# Task objective
Every record below, from first to last, should be copied exactly; leave the pictures out.

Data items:
=== Section Start ===

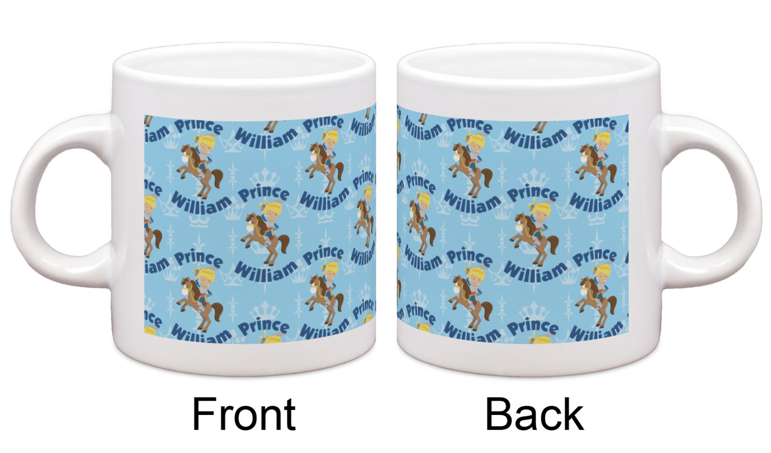 This is the perfect custom / personalized prince design for any young boy. We have created a layered pattern, where the first background is a simple tone on tone crowns pattern. We then layered it with our curved custom text and graphic, where we used "Prince" and "William" as the text and we used a graphic of a prince on horse.
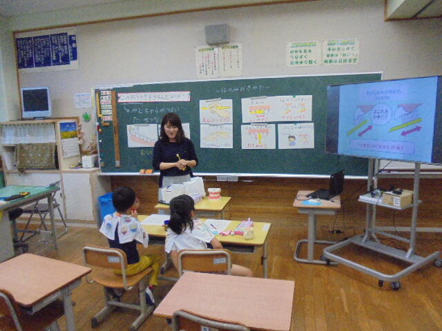 カラーテスターを使った授業で1年生は正しい歯の磨き方を学びました。
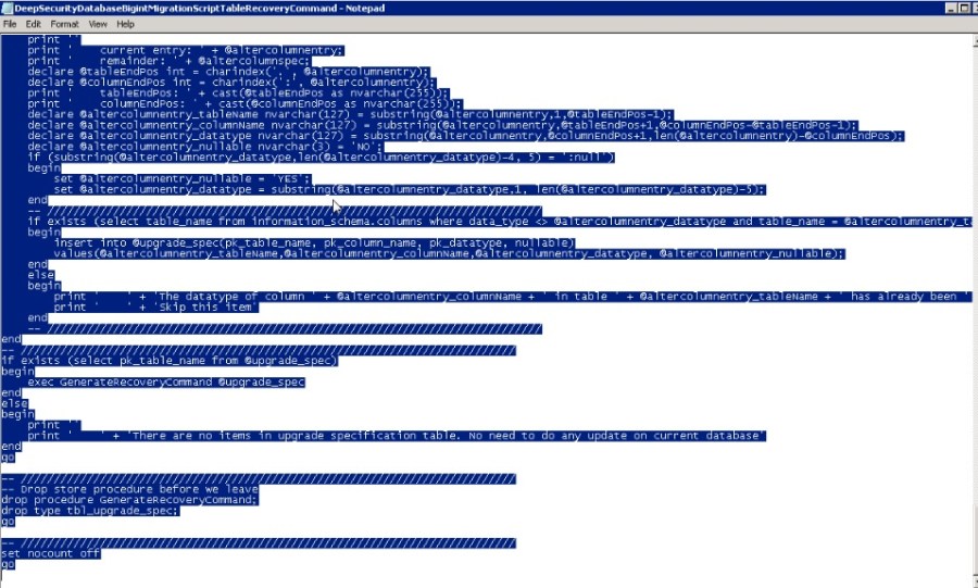 Manually updating the Deep Security Manager (DSM) database before upgrading to 9.6 SP1 – Part -4
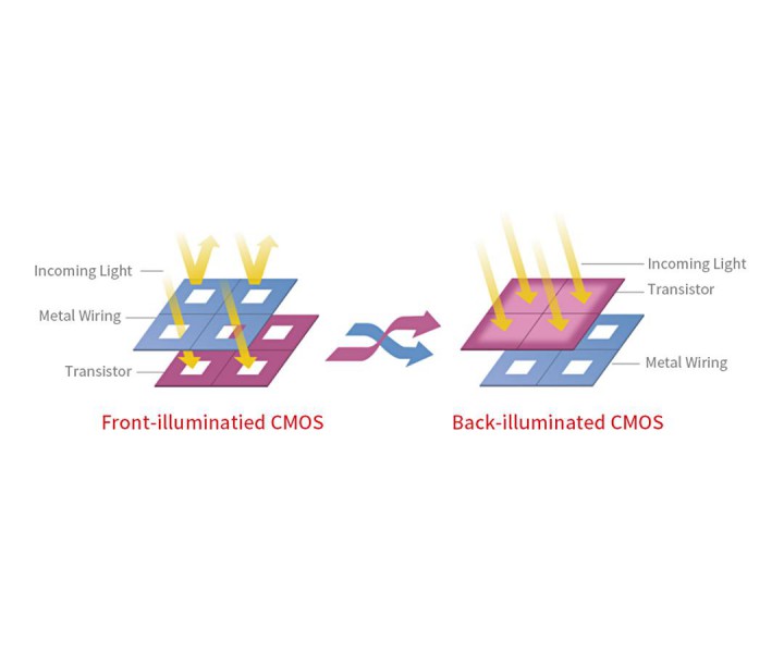Der hintergrundbeleuchtete CMOS-Sensor verbessert die Empfindlichkeit und die Rauschunterdrückung - die Schlüsselfaktoren zur Verbesserung der Bildqualität - durch die Änderung der grundlegenden Pixelstruktur von der Vorder- zur Rückseitenbeleuchtung. Die Vorteile der CMOS-Bildsensoren, wie geringer Stromverbrauch und Hochgeschwindigkeitsbetrieb, wurden beibehalten.
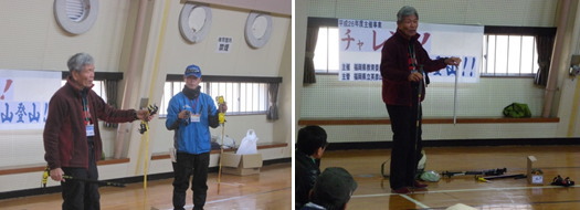 | 園川陽造氏による、登山道具の正しい使い方についての講話を行いました。参加者は、アイゼンの種類や滑落時のピッケルの使い方などを熱心に学んでいました。 |
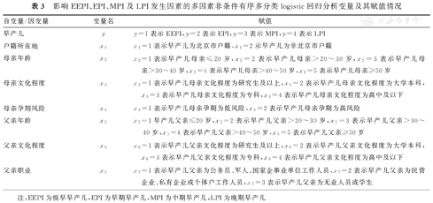 影响EEPI、EPI、MPI及LPI发生因素的多因素非条件有序多分类logistic回归分析变量及其赋值情况

=== Section End ===

# Expected answer
 This is the perfect custom / personalized prince design for any young boy. We have created a layered pattern, where the first background is a simple tone on tone crowns pattern. We then layered it with our curved custom text and graphic, where we used "Prince" and "William" as the text and we used a graphic of a prince on horse.
 カラーテスターを使った授業で1年生は正しい歯の磨き方を学びました。
 Manually updating the Deep Security Manager (DSM) database before upgrading to 9.6 SP1 – Part -4
Der hintergrundbeleuchtete CMOS-Sensor verbessert die Empfindlichkeit und die Rauschunterdrückung - die Schlüsselfaktoren zur Verbesserung der Bildqualität - durch die Änderung der grundlegenden Pixelstruktur von der Vorder- zur Rückseitenbeleuchtung. Die Vorteile der CMOS-Bildsensoren, wie geringer Stromverbrauch und Hochgeschwindigkeitsbetrieb, wurden beibehalten.
 | 園川陽造氏による、登山道具の正しい使い方についての講話を行いました。参加者は、アイゼンの種類や滑落時のピッケルの使い方などを熱心に学んでいました。 |
 影响EEPI、EPI、MPI及LPI发生因素的多因素非条件有序多分类logistic回归分析变量及其赋值情况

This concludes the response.